Do not include the pictures; repeat the rest of the data exactly.

### INPUT DATA
-----

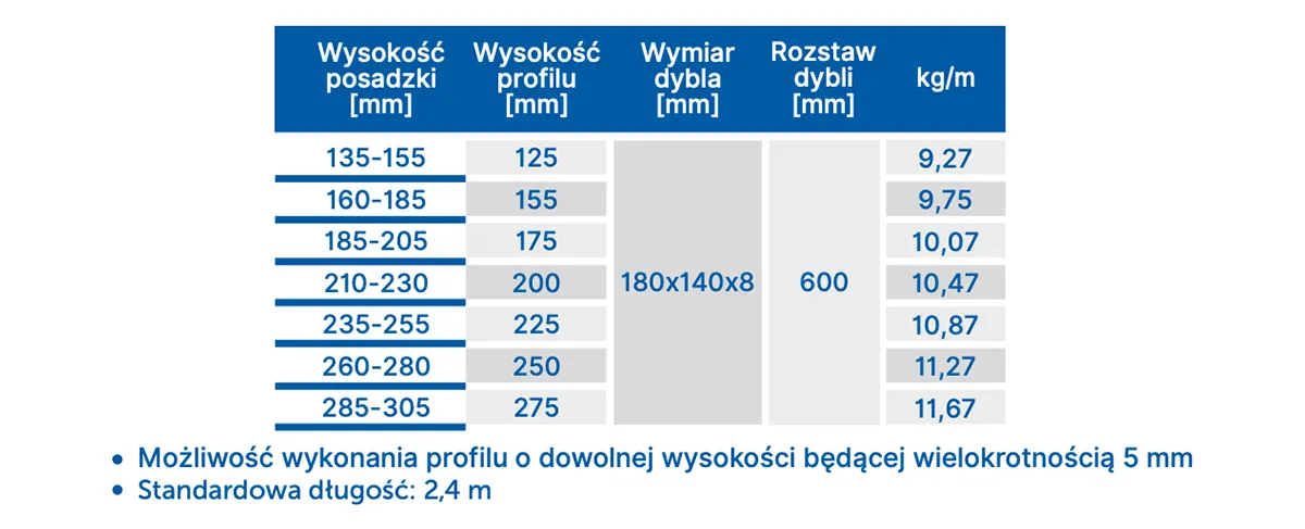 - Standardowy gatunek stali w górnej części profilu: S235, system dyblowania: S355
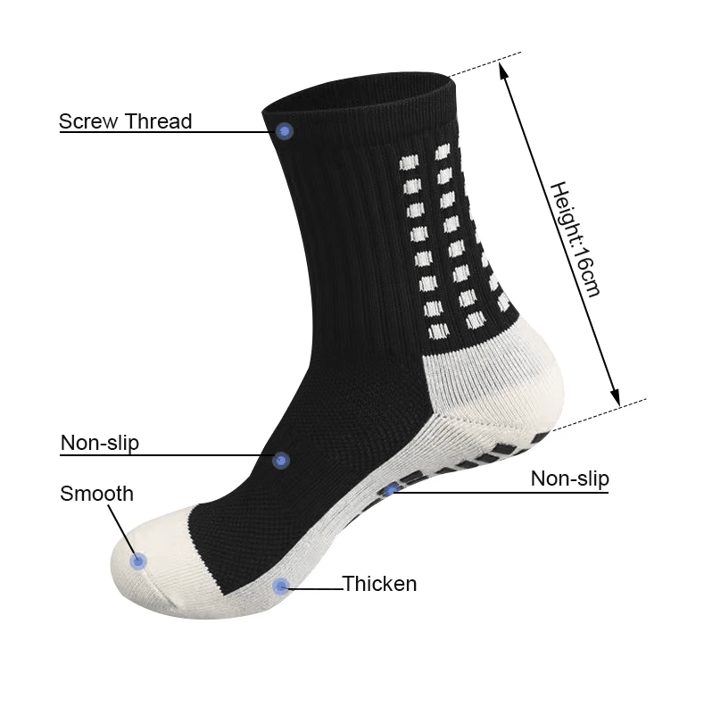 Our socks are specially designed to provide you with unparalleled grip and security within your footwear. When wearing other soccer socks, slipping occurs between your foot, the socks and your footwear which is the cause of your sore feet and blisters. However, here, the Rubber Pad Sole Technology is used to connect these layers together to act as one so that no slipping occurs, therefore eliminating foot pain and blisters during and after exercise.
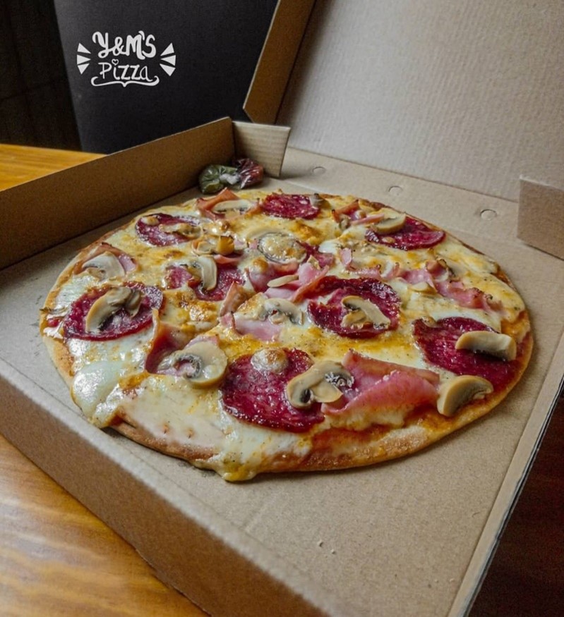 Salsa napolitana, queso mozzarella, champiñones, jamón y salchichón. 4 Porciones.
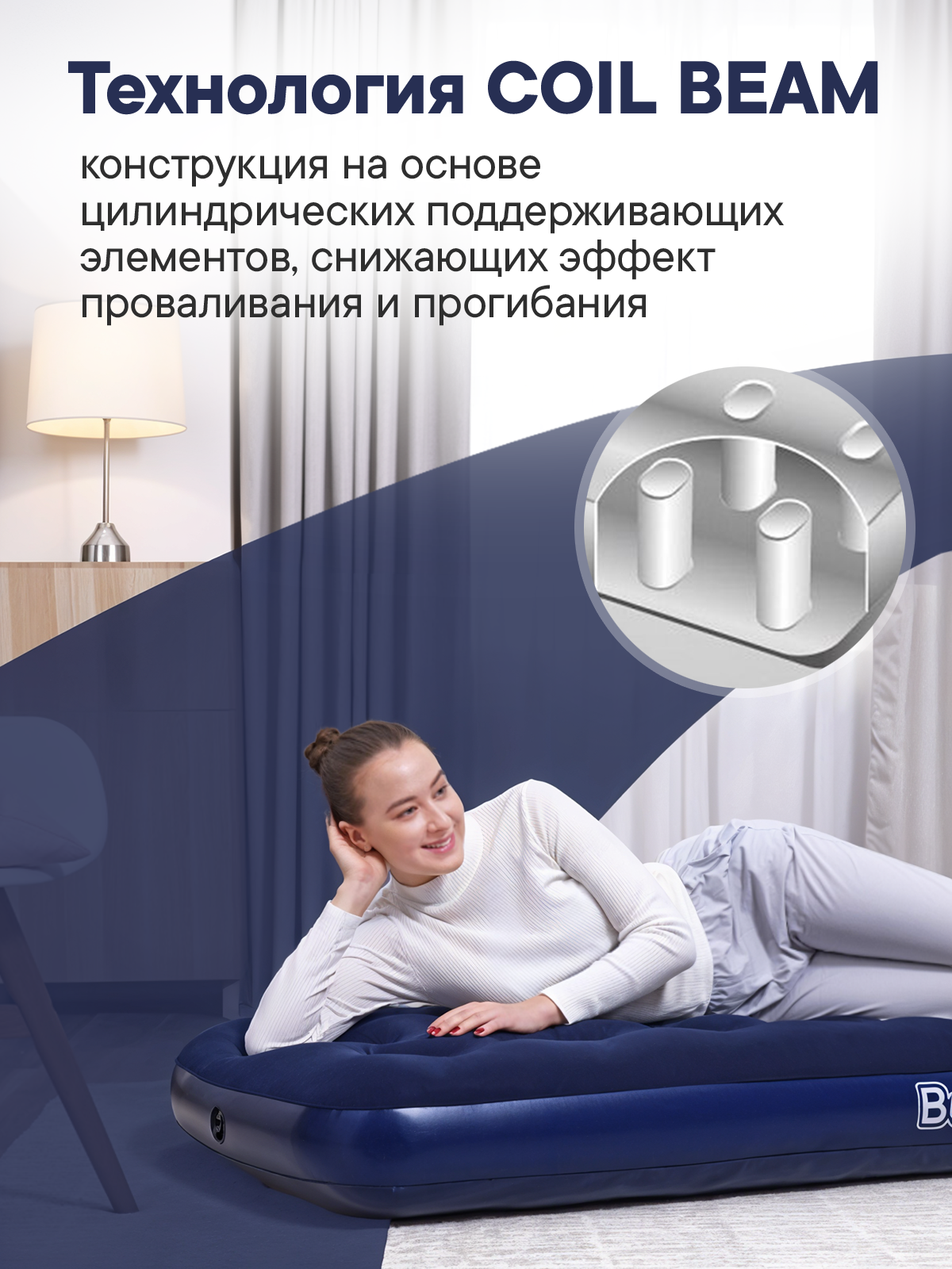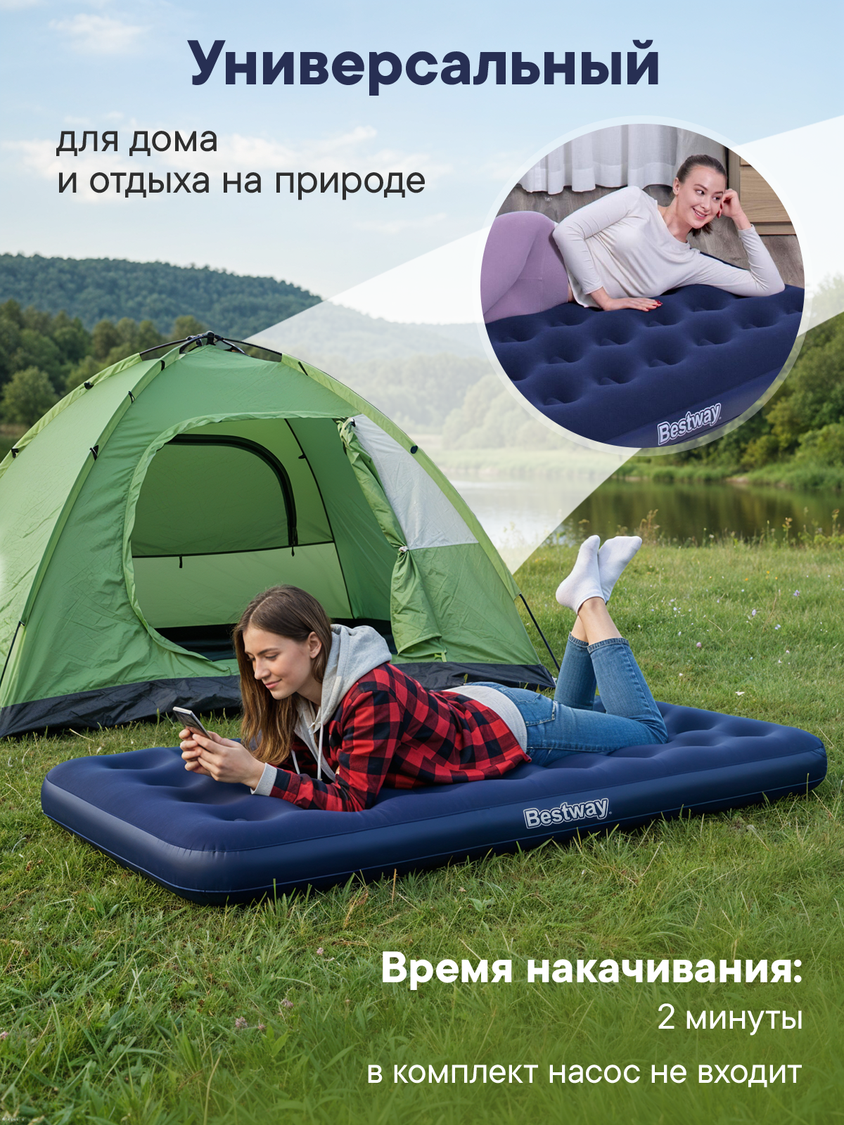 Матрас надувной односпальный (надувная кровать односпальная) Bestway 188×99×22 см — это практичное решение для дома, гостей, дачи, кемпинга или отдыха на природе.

-----

### RESULT BELOW
 - Standardowy gatunek stali w górnej części profilu: S235, system dyblowania: S355
 Our socks are specially designed to provide you with unparalleled grip and security within your footwear. When wearing other soccer socks, slipping occurs between your foot, the socks and your footwear which is the cause of your sore feet and blisters. However, here, the Rubber Pad Sole Technology is used to connect these layers together to act as one so that no slipping occurs, therefore eliminating foot pain and blisters during and after exercise.
 Salsa napolitana, queso mozzarella, champiñones, jamón y salchichón. 4 Porciones.
 Матрас надувной односпальный (надувная кровать односпальная) Bestway 188×99×22 см — это практичное решение для дома, гостей, дачи, кемпинга или отдыха на природе.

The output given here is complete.